Stefanie Smart, 1965-2011
Stefanie Smart, 1965-2011

The movie took me back to 2009 when our local Diamond Head Theatre put on a production of Souvenir, based on Florence Foster Jenkins’ life and the relationship with her accompanist, Cosme McMoon, played by Stefanie Smart and Laurence Paxton. In the play, McMoon was also Florence’s vocal coach, and always tried to protect her from the truth about her singing. Stefanie was a singer whom I met in the Japanese wedding business and she and I did many weddings together. We were so fortunate to see these two wonderful musicians in this production and to hear Stefanie’s amazing singing, because she was hospitalized soon after starting the run and was replaced by Mary Chesnut Hicks. Not too long after, I happened to run into Stefanie at the mammography clinic when she told me about her breast cancer. Stefanie died on August 17, 2011 and you can read her obituary here.

It’s very possible that Florence Foster Jenkins’ problem was that her poor singing was due to her contracting syphilis from her first husband and that it affected her hearing. Also, she was taking mercury and arsenic before antibiotics were available, and she was slowly poisoning herself.

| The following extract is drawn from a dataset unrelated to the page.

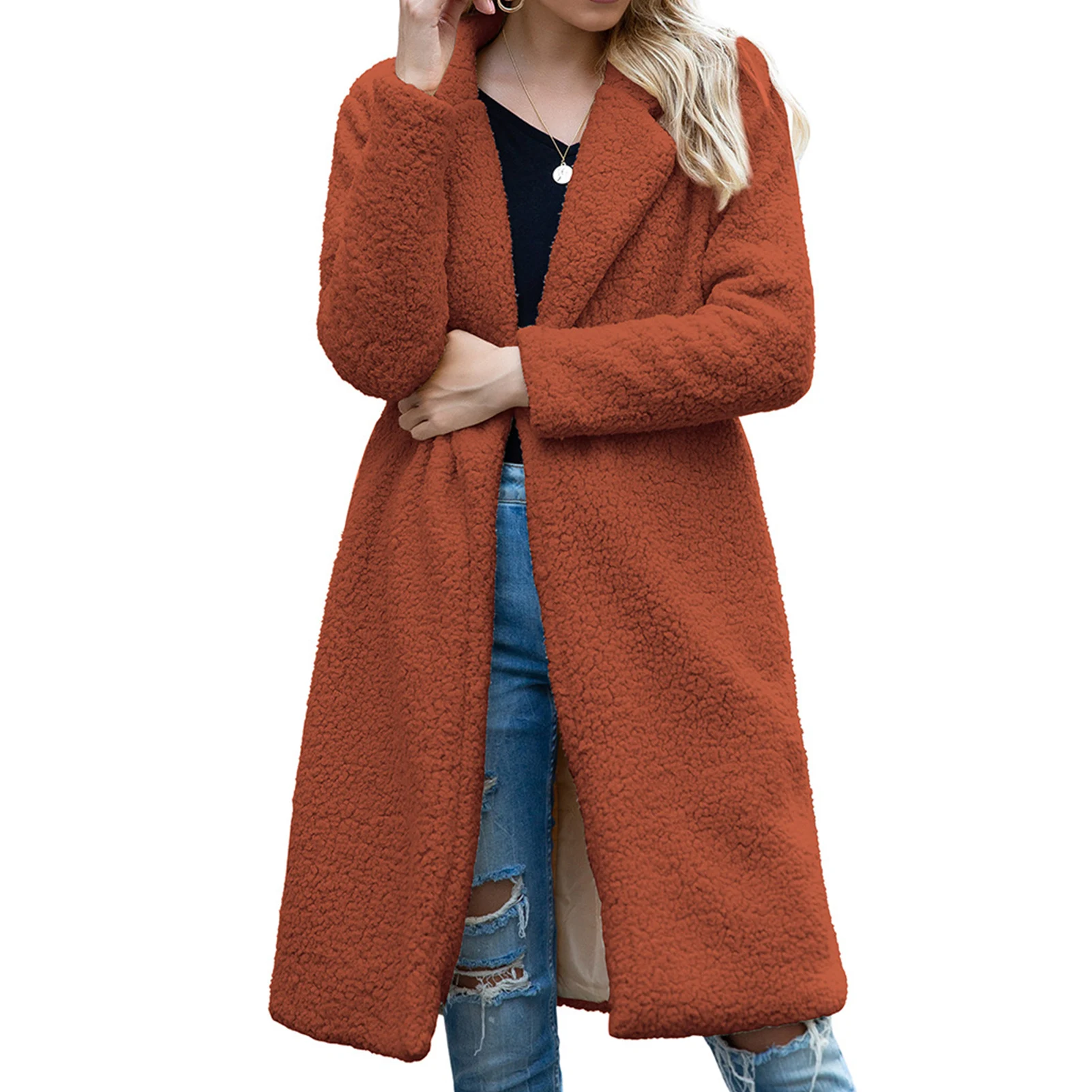 Женское зимнее теплое пальто из искусственного флиса с длинным рукавом и отворотом

I was reminded of Carl Crosier’s reunion recitals with Yuko Honda after she was diagnosed with brain, liver, lung and bone cancer. Go back and re-read my post “Reunion Recitals” about their remarkable discovery about finding one another after 20 years and playing a series of piano and violin concerts. It was the brain cancer which affected Yuko’s hearing to the extent that she could not tell when certain high pitches were in or out of tune, and she had to mark the fingerboard of her violin with the notes. Still some of her intonation was not perfect, as you can hear in the slideshow I put together here:

Back to the movie—we tend to laugh at Florence Foster Jenkins’ singing less and less, and begin to feel sorry for her. (At least I did). I was particularly struck at how Meryl Streep played her not as a buffoon, and more of a sympathetic character.

Go see the movie . . . you’ll love it!

 

2 thoughts on “Every voice deserves to be heard

  1. You are right on! I felt a great amount of sympathy for the woman who loved the arts so much. The combination of mercury and iodine and maybe arsenic were the prescribed drugs of that time and affected her hearing. In as much as she had been a child prodigy that played at the White House she must have had good hearing then, but the insidious disease and treatment had to have taken its toll. It is a powerful movie. I enjoyed it very much and have taken away from it a new prospective of Jenkins.